Думал, как о чем-то постороннем, без слов, без всякого о себе сожаления. То впадал в забытье, а очнувшись, не понимал, который час – часы не завел и остался без времени: день смешался с ночью, все мглой затянуто, как тут определишь, который час? А встать, включить приемник – сил нет. Боль в груди притаилась и не тревожила, пока не шевелился. И приятно было лежать, чувствуя, как слабеет, без боли, без отчаяния, без всякой неприятности уходит из него жизнь. Он сначала не мог понять, откуда это давно забытое чувство покоя и вдруг понял: не слышит воя собак. Ревет море, трубно, надсадно гудит долина, а воя собак не слышно. И нет тянущей кишки из живота тоски. И потянуло в сон. И приснилось, будто приехали на берег какие-то люди, не то на танке, не то на вездеходе, но с треском, грохотом, и он, Леня, громким, свободным голосом объясняет им, что он потому не в зоне, что это и не зона вовсе и там, на бугре вовсе не часовой стоит, а суслик, но сам-то он видит, что это никакой не суслик, а кутающийся в огромный тулуп часовой. И кто-то говорит ему, что все равно, раз он не умер, он должен идти за проволоку, а не лежать в своей хате и голосом Савельевны кричит: «Ся! Ся, Жучок! Ся, Балахай!» И сразу ворвался в сон протяжный вой. Открыл глаза и в разлившемся по хате лунном свете увидел летящий за окном белый пух.

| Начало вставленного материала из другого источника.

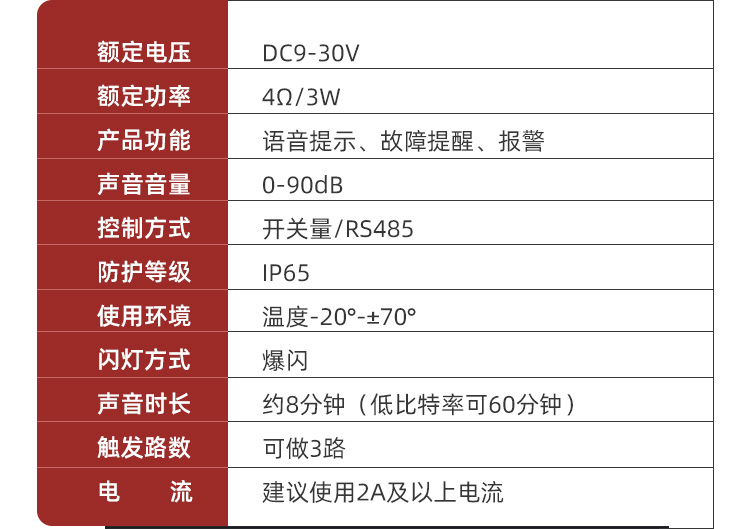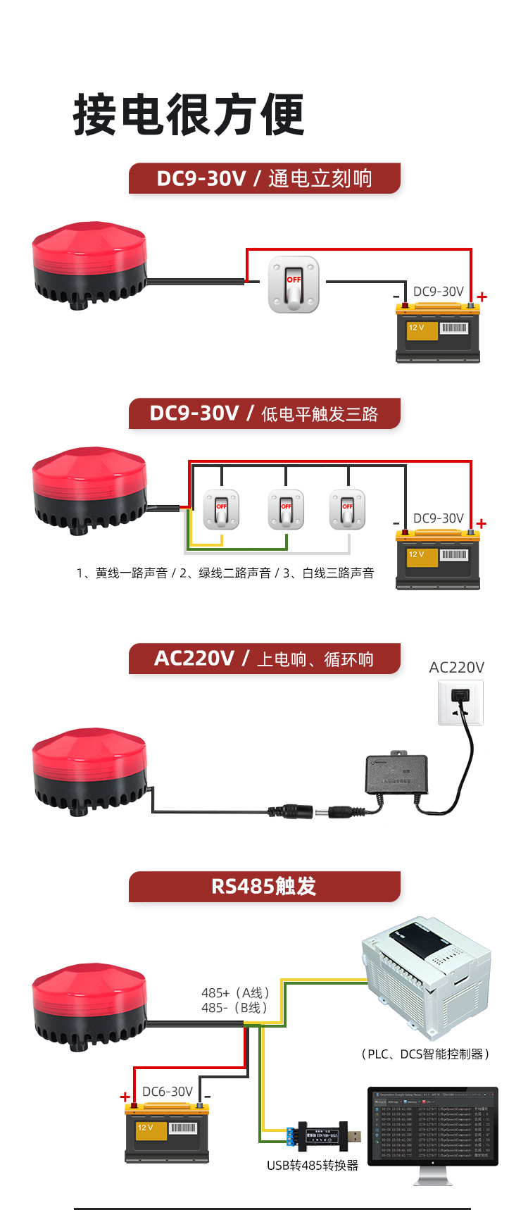 YX75R是本公司推出的小型聲光報警器,采用高亮LED發光源,防水高頻喇叭,內嵌高穩定性的MP3主控,具有良好操作性,是一款可USB更換報警內容的聲光報警器。報警器可通過開關信號控制,或RS485/USB-TTL串口控制,可用于家庭、工廠、學校、商鋪、便利店、財務室、別墅、小區等報警控制系統、安防監控報警系統及其他報警系統中,保障人身及財產的安全。

Пришла зима. Воздух в хате остыл, окошки до половины затянуло ледяными узорчатыми шторками. Зуб на зуб не попадал. Однако почувствовал, что боль в груди совсем притупилась, и без всякого усилия заполз между перин. Подумал, что раз уж пока не умер, надо будет снова начать жить. Вот только полежит немного, погреется в перинах, как следует подумает о чем-то важном, хотя думать мешает, как зубная боль, вой собак. Только один вопрос сливается с этим воем, продолжает его, когда дух перехватывает в собачьих глотках и длится по мере нарастания звука в пронзительном, безответном:

«Почему?» Почему он не может слышать этого воя? Почему его жизнь оказалась повязана им? Почему так отзывается в нем собачья тоска? Все другие вопросы казались неважными, какими-то вторыми, и вдруг нашелся ответ: да потому, что это его вой, это не псы, а он сам сидит там на бугре за колючей проволокой и, вздернув лохматую голову к небу, кричит о своем одиночестве, о своей, никому не нужной жизни, к которой нет сочувствия ни в ком, как нет в нем сочувствия к их собачьей доле! О любви кричит и ненависти, и у него и у них, унесенных смертью. О том, что ему так же невозможно уйти с этого берега, как им, хотя ни его, ни их никто и ничто здесь не держит – но только они одни знают, почему он не ушел. Вот то-то и ужасно, что он не ушел по тому же самому, почему и они остались. И они, так же как и он, ничего не умеют ни забыть, ни простить.

Но нет. Он встанет, соберется с силами, выйдет, достанет деньги из тайника и уйдет. Он никому ничем не обязан, он не сторож Петровниному дому, она нарочно пугала его городской жизнью, дескать, здесь его деньги – деньги, а в городе – тьфу! – он не пропадет, он еще может работать, все равно он теперь не хозяин своей жизни, степь теперь здесь хозяин.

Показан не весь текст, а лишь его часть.